This is kind of a presumptuous question coming from someone who gets seriously stressed when it comes to "baking" and isn't very good at it at all ... but couldn't you simply use poppy seed cake batter in muffin tins / cupcake thingys and adjust the baking time a bit?


Z


----------



## htc (May 20, 2005)

Zereh, I would consider your version a poppyseed cupcake. I home bake a lot, but don't have as much experience  (commercial and home baking) as many on this forum. Personally I would think that a muffin is more dense than a cupcake or cake. Though some muffins are "lighter", I still think they are different from cake.

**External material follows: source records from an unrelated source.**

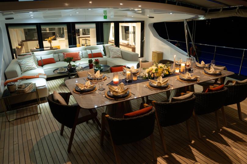 The aft deck is designed for alfresco living, featuring a comfortable seating area and a dining table, perfect for enjoying gourmet meals by the water. Meanwhile, the upper deck offers an additional jacuzzi, a relaxed seating area, and a dining table, creating the ultimate space for sunset cocktails and starlit dinners.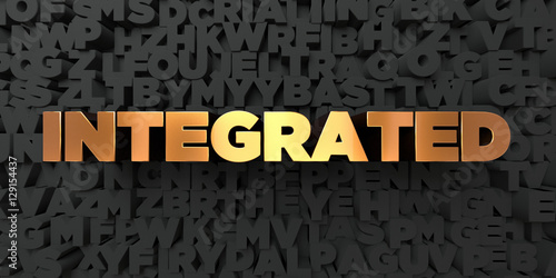 Integrated - Gold text on black background - 3D rendered royalty free stock picture. This image can be used for an online website banner ad or a print postcard.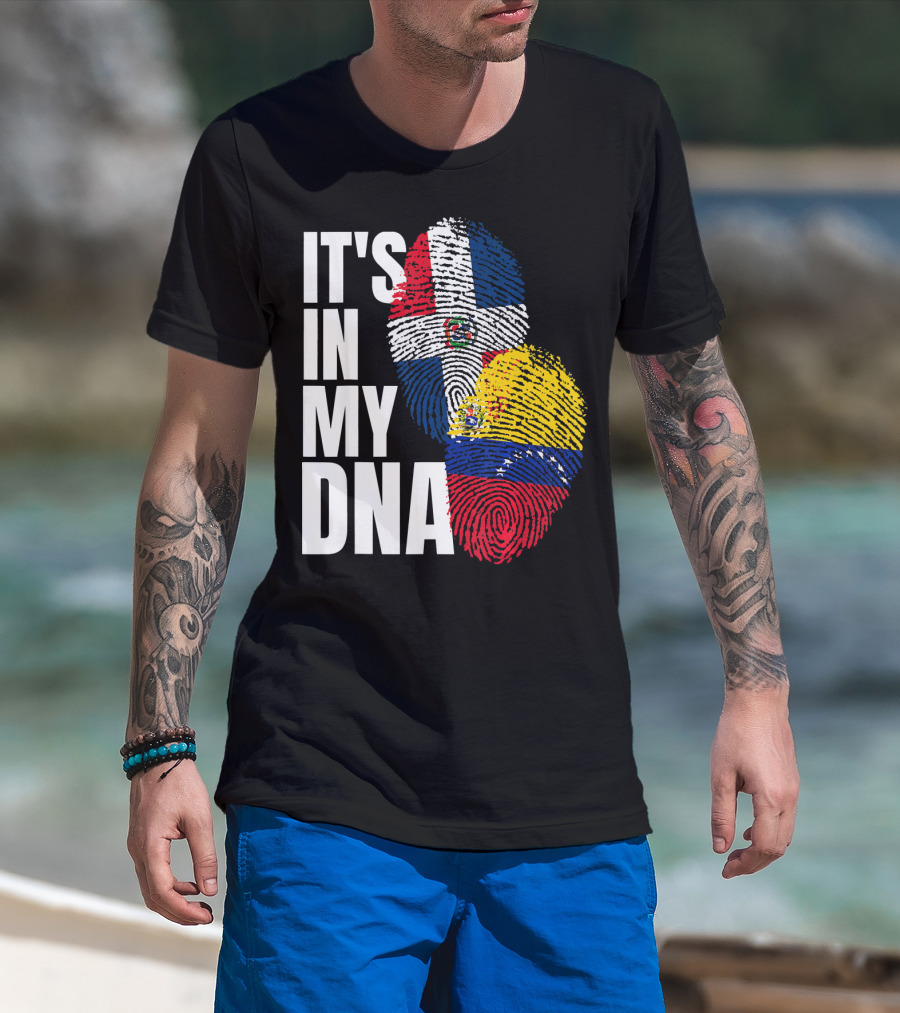 It's In My DNA Dominican Venezuelan Fingerprint Flags T-Shirt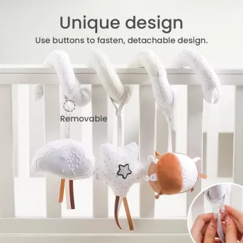 Baby Wooden Bed Bell Rattle – Soft Felt Spaceman Crib Mobile for Newborns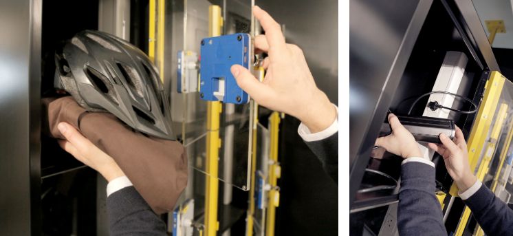 Profitez des casiers fermés avec alimentation électrique pour déposer vos accessoires de vélo et vos effets personnels : casque, gants, cape, etc.
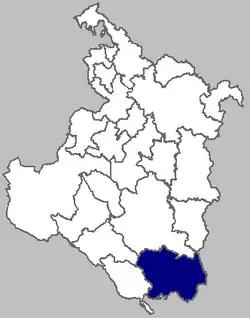 In 1895, the municipality (Croatian: obćina) of Rakovica, with an area of 193 square kilometres (75 sq mi), belonged to the kotar and electoral district in the županija of Modruš-Rieka.[11]: iv, v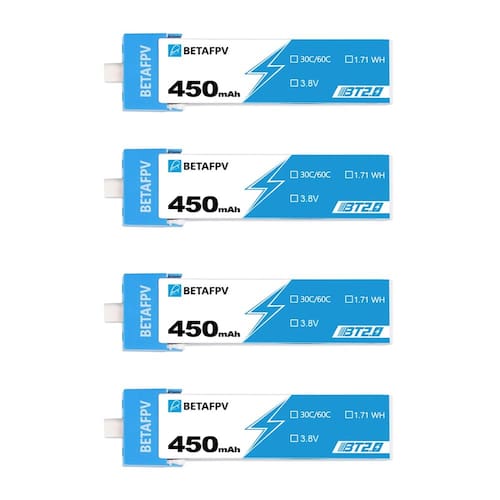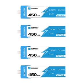 BETAFPV 4 peças BT2.0 450mAh 1S Bateria 3,8V 30C Lipo Bateria com conector BT2.0 compatível com 1S FPV Tiny Whoop Drone Quadricóptero como Meteor75, Cetus Pro FPV Kit, Cetus X FPV Kit Especificação: Item: bateria 1S Capacidade: 450mAh Temperatura: 30°C / 60°C Tensão: 3,8 V Dimensões: 62 x 15,5 x 6,7 mm Conexão: Conexão BT2.0 Peso: 12,7 g/pc Atenção: Não sobrecarregue as pilhas nem descarregue muito. Não o coloque próximo ao estado de alta temperatura. Não jogue no fogo. Não jogue na água. Conteúdo da embalagem: 4 baterias BT2.0 450 mAh 1S 30C - Compatível: A bateria BT2.0 450mAh 1S é adequada para a maioria dos drones sem escovas 1s no mercado. Pode fornecer energia estável e consistente, o que alcançou equilíbrio dinâmico e maior tempo de voo. Basta modificar o conector PH2.0 para o conector BT2.0 - Conector BT2.0: A bateria BT2.0 450mAh 1S vem com conector BT2.0 que é mais durável e pode descarregar mais correntes na mesma capacidade, fornecendo mais energia - Eficiência: A bateria BT2.0 450mAh 1S 30C tem saída de corrente/tensão estável e alta eficiência - Descarga: A descarga do lipo 450mAh 1S BT2.0 torna-se mais eficiente ao resolver o problema de queda de tensão. Os pilotos podem desfrutar de mais tempo de voo sem perturbação de aviso de baixa tensão - Observação: Não carregue uma célula com danos físicos ou inchada. Não sobrecarregue ou descarregue demais as baterias. Não o coloque ao lado da condição de alta temperatura ou de um ambiente úmido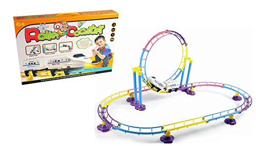 -. Feature : 77 Pieces Roller Coaster Assembly Set / Fast moving bullet train / Colorful ssorted track parts / Over 10 Feet of Track / 3 "AA" Batteries (not included)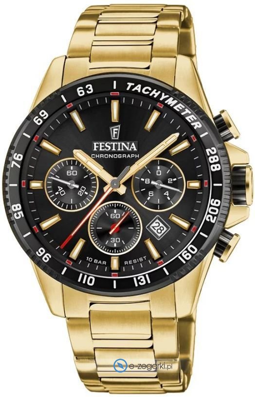 Zegarek męski F20634-5 marki Festina to stylowe połączenie funkcjonalności a także ciekawego wzornictwa. Model ten w gamie pozostałych zegarków tego producenta występuje w serii Festina Timeless Chronograph. Styl zapewnia wysokiej jakości cyferblat w kolorze czarnym. Zegarek ten pokazuje godzinę w formacie analogowym dzięki temu odczyt jest intuicyjny. Koperta została ozdobiona kolorem złotym szeroka jest na 45 mm oraz ma grubość 12 mm - ma okrągły kształt.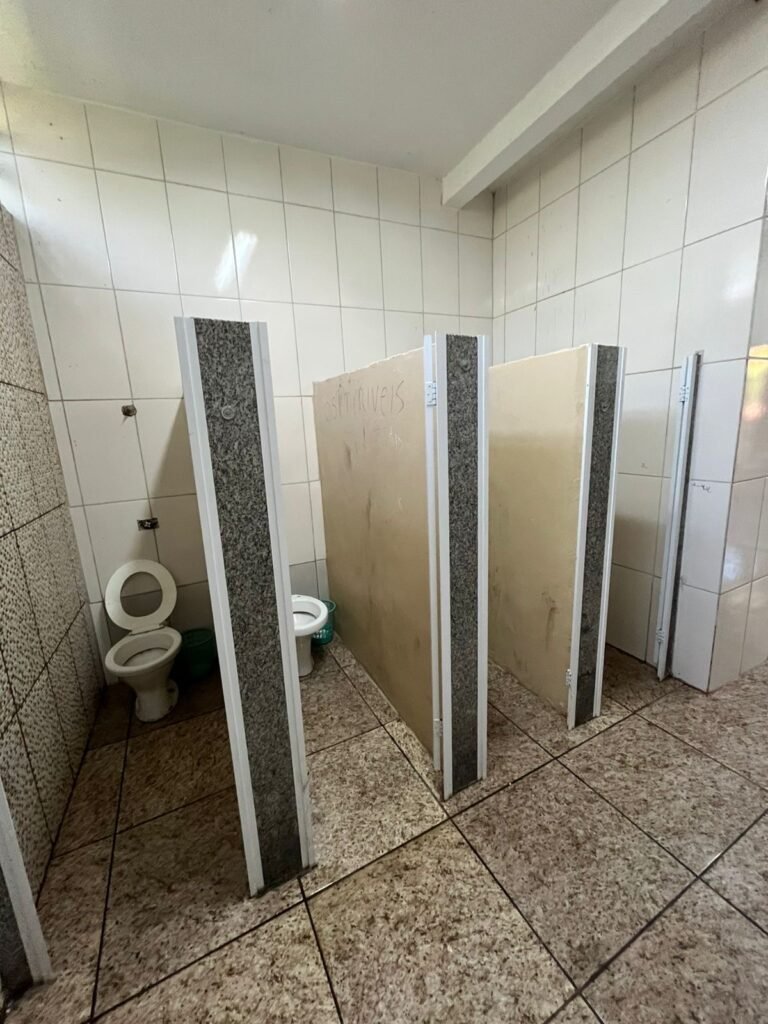 Segundo a denúncia dos alunos, o banheiro masculino está sem portas, impossibilitando os alunos de fazerem suas necessidades. Além disso, o banheiro se encontra sem torneiras para lavar as mãos.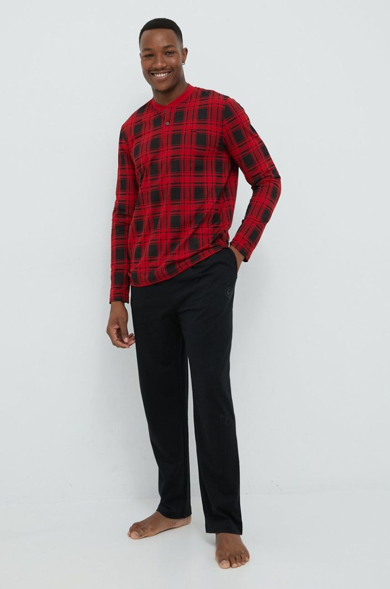 Піжамний бавовняний лонгслів Michael Kors колір червоний візерунок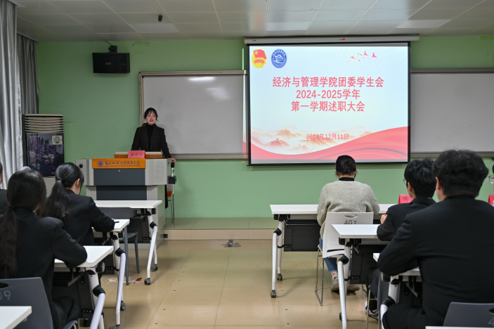經(jīng)濟(jì)與管理學(xué)院團(tuán)委學(xué)生會(huì)2024年度述職大會(huì)于2024年12月11日晚在求實(shí)樓407教室順利召開,學(xué)院團(tuán)委書記傅一丹、團(tuán)委副書記吳霜婷、團(tuán)委組織委員陳艷蕓、團(tuán)委宣傳委員官源及全體部門負(fù)責(zé)人出席此次會(huì)議。本次大會(huì)旨在總結(jié)過去一年團(tuán)委學(xué)生會(huì)工作的成績(jī)與不足,分析問題,明確未來(lái)工作的重點(diǎn)和發(fā)展方向。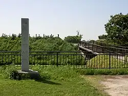 After the Meiji restoration, the outer area of the castle was lost to urban development, and the ruins of the castle were bisected by the tracks of the now defunct Kanto Railway Tsukuba Line (with the Visitor Center near the castle located on the grounds of the former train station). The main area of the castle remains relatively well preserved and archaeological excavations began to be carried out from 1997 through 2004.[2] A portion of its clay ramparts and marshy moats were restored and the site opened to the public in 2016 as the "Oda Castle Ruins History Plaza".
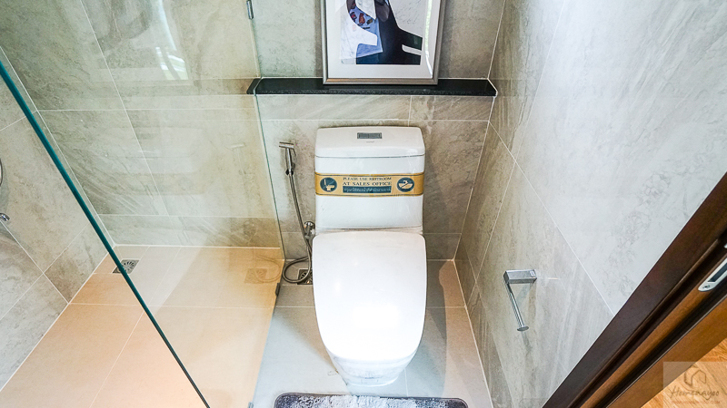 ด้านในเป็นพื้นที่ส่วนเปียกมีฉากกั้นอาบน้ำแบบบานเปิดให้ และติดตั้ง Hand Shower พร้อมเดินงานระบบไฟฟ้าติด Junction Box รองรับการติดตั้งเครื่องทำน้ำอุ่น พร้อมช่องสำหรับวางอุปกรณ์อาบน้ำ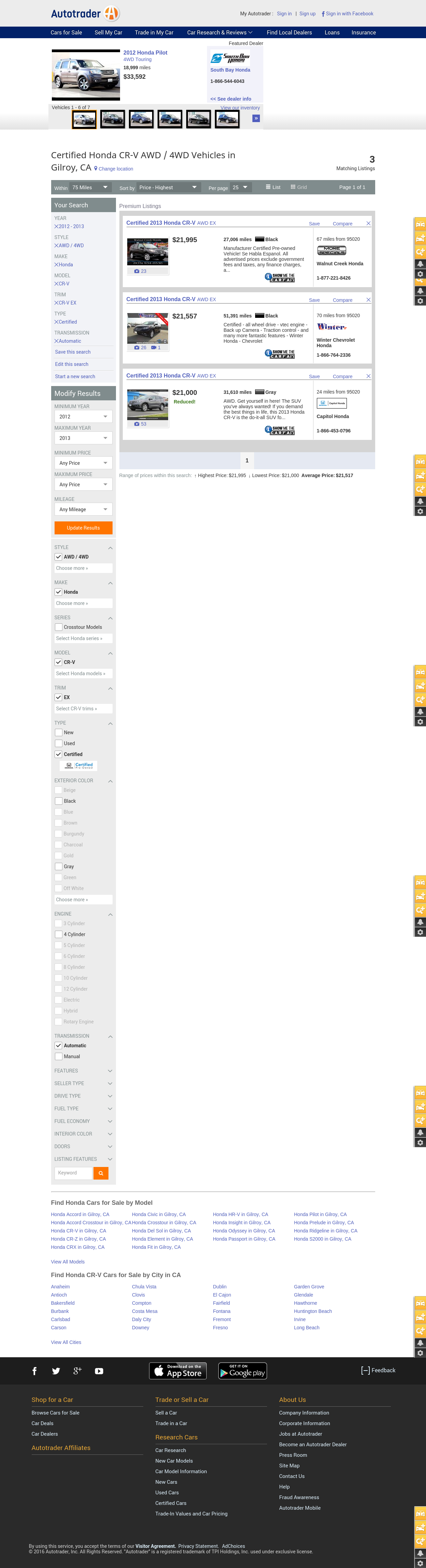 I sent you a list of replacement vehicles. I’m attaching it again. These are the only cars listed on Autotrader.com that are 2012-2013 Honda CR-V EX AWD Dealer Certified cars in 75 mile distance that are available. You can see in the image what my selection criteria was.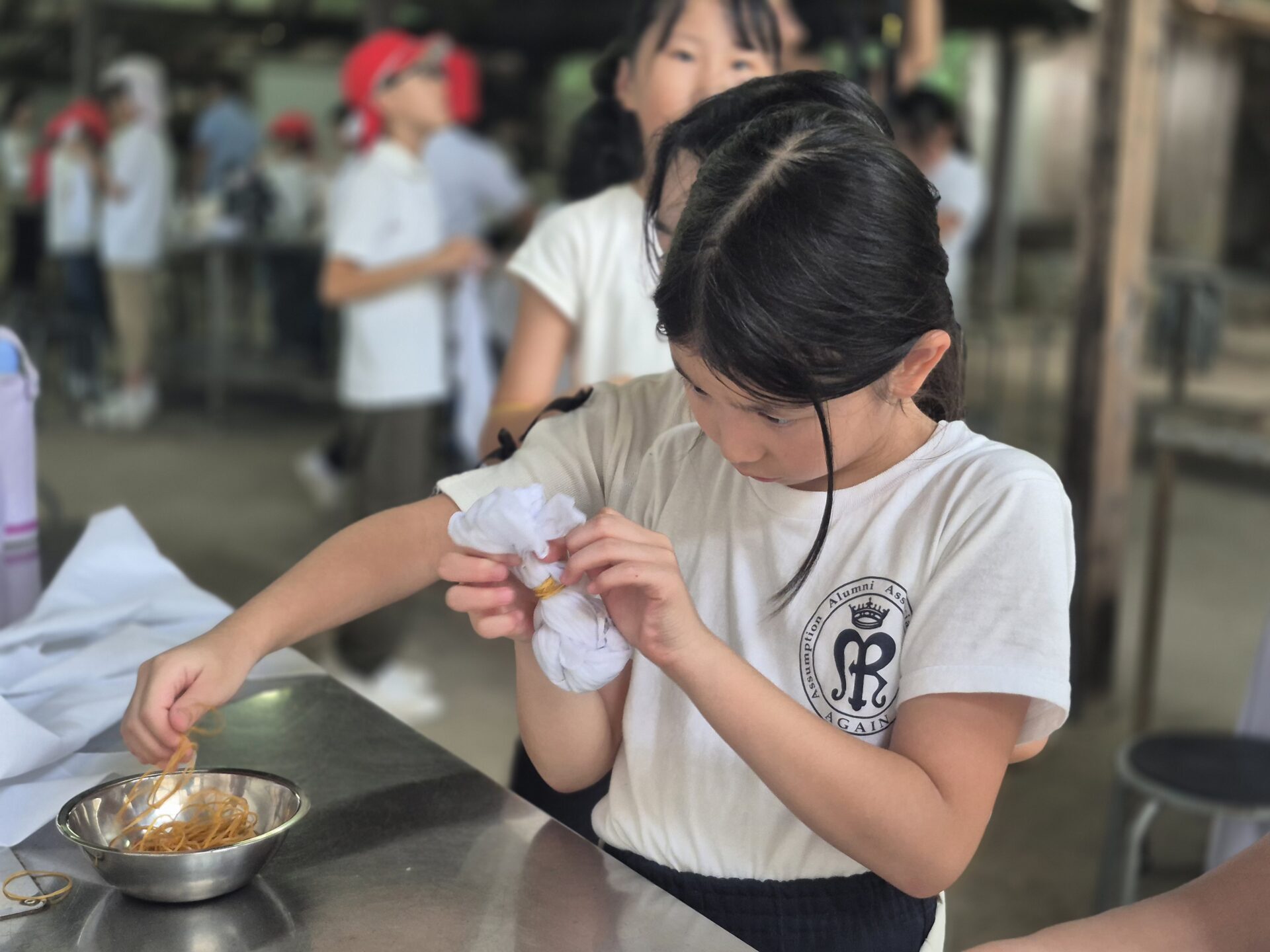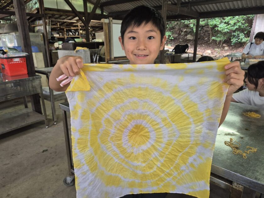 宿泊施設に到着後はさっそく草木染の体験です。布を輪ゴムで縛って染まらない部分の模様を作っていきます。どんな形になるかはできてからのお楽しみ。みんな輪ゴムを布に巻くのに必死でした。草木染は天然の染料で染めていきます。これには少し時間がかかります。みんなで会話しながら布に染料を染み込むのを待つのもまた楽しい時間でしたね。完成後は広げて乾かします。世界に一つだけのオリジナルバンダナの完成です。
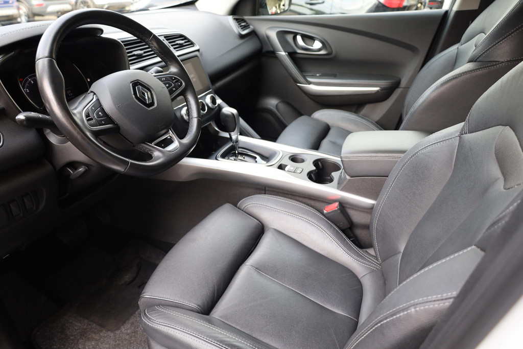De Renault Kadjar is gebouwd met hoogwaardige techniek en maakt het rijden van lange ritten, maar ook korte stukjes, tot een feestje. De aandrijving van deze Renault wordt verzorgd door een viercilinder benzinemotor en een automatische transmissie. Binnenin zien we een fraai afgewerkt lederen interieur. Onderdeel van de uitgebreide uitrusting van deze auto is stoelverwarming. Het panoramadak geeft extra sfeer aan het interieur en biedt een prachtige doorkijk naar buiten. Bij de uitrusting van deze Renault horen onder meer 19 inch lichtmetalen velgen, LED koplampen, extra getint glas, in delen neerklapbare achterbank, LED-achterlichten en verstelbare lendensteunen.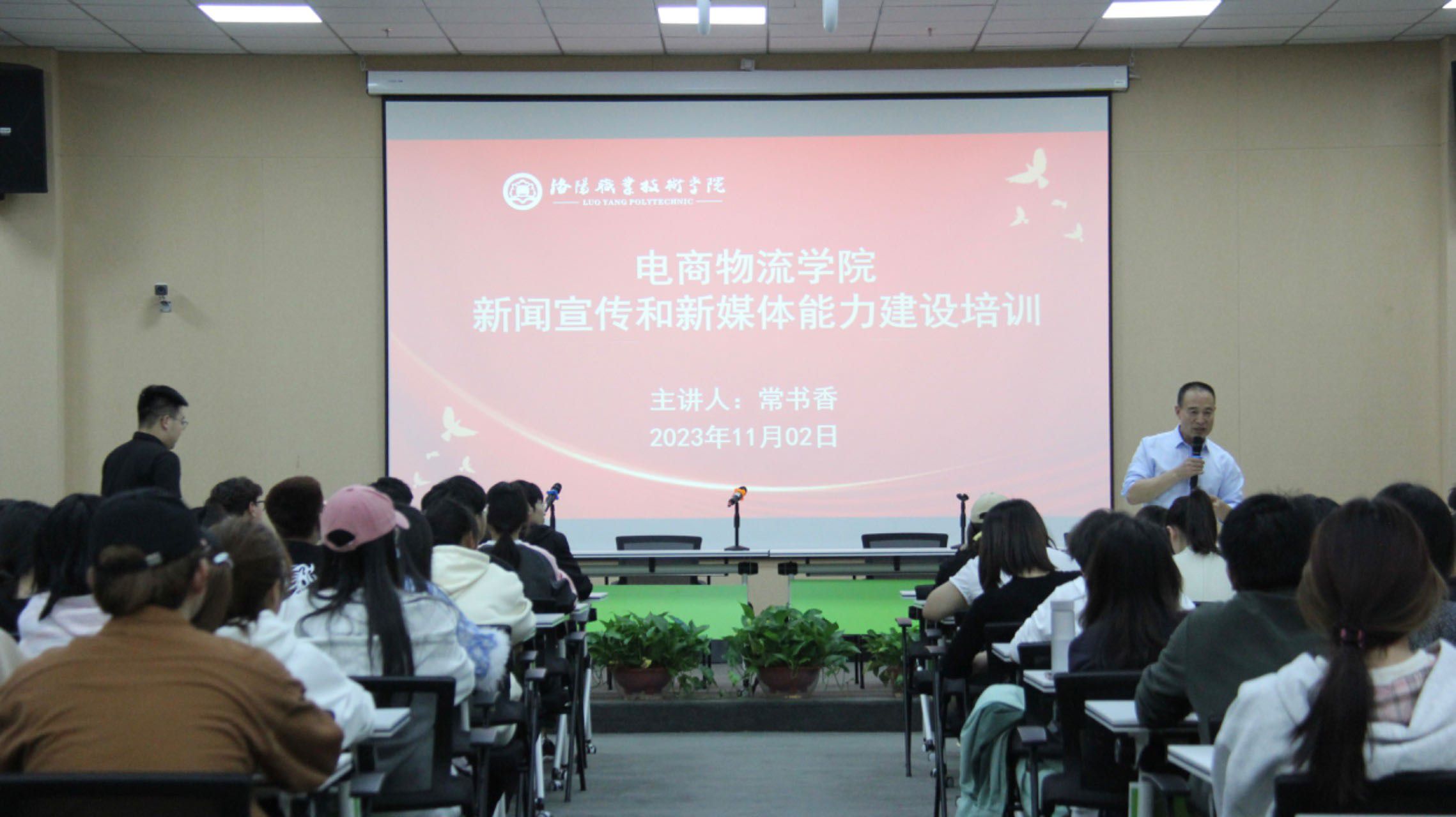 新闻宣传是学校与外界交流的纽带,是宣传学院风采的重要平台,为提高电商物流学院新闻宣传和新媒体建设的能力,促进学院宣传工作高质量推进, 2023年11月2日,我院特邀洛阳职业技术学院宣传部副部长常书香在图文信息中心708教师发展中心开展了专题培训——《写好校园新闻 讲好洛职故事》。培训由电商物流学院党总支书记房长显主持,全体教职工及学生代表50余人参加。

example: I tried making a banana cake. I wanted to recreate something I used to be able to buy and can no longer get. I took a banana bread recipe and used that as cake (with one slight modification) and it definitely was still banana bread. I eventually found a banana cake recipe that's really good. I have yet to sit down and compare the two recipes but definitely will soon.


----------



## PA Baker (May 23, 2005)

Here's my first recipe, marm. I don't know how well this one would multiply (this makes 1 doz and I'm assuming you need to bake in larger quantities) but it's good. I need to get some other things done first, but I have another that I like, too, that I'll dig out later today. 

*Lemon Poppy Seed Muffins*

2 c flour (all purpose)
3/4 c white sugar
1/4 c poppy seeds
2 tsp baking powder
1 tsp baking soda
1/2 tsp salt
2 eggs
1 c lemon-flavored yogurt
1/4 c vegetable oil
1 Tbsp grated lemon zest
1/3 c fresh lemon juice
3 Tbsp white sugar 

Preheat oven to 400F. lightly grease muffin tin.

Combine flour, 3/4 c sugar, poppy seeds, baking powder, baking soda and salt. 

In a separate bowl, mix the eggs, yogurt, vegetable oil and lemon zest. Blend well and pour over the flour mixture. Mix until just combined with a wooden spoon. Don't overmix!

Spoon batter evenly between the prepared muffin cups. Bake at 400 for 20 minutes.

Meanwhile, combine the lemon juice with the remaining 3 Tbsp white sugar. Stir until sugar dissolves.

When muffins come out of the oven, pierce the tops several times with a toothpick. Slowly pour about 1 Tsp of the lemon juice and sigar mixture over the tops of each muffin. Let muffins cool in pans for 10 minutes before removing them from the pan.


----------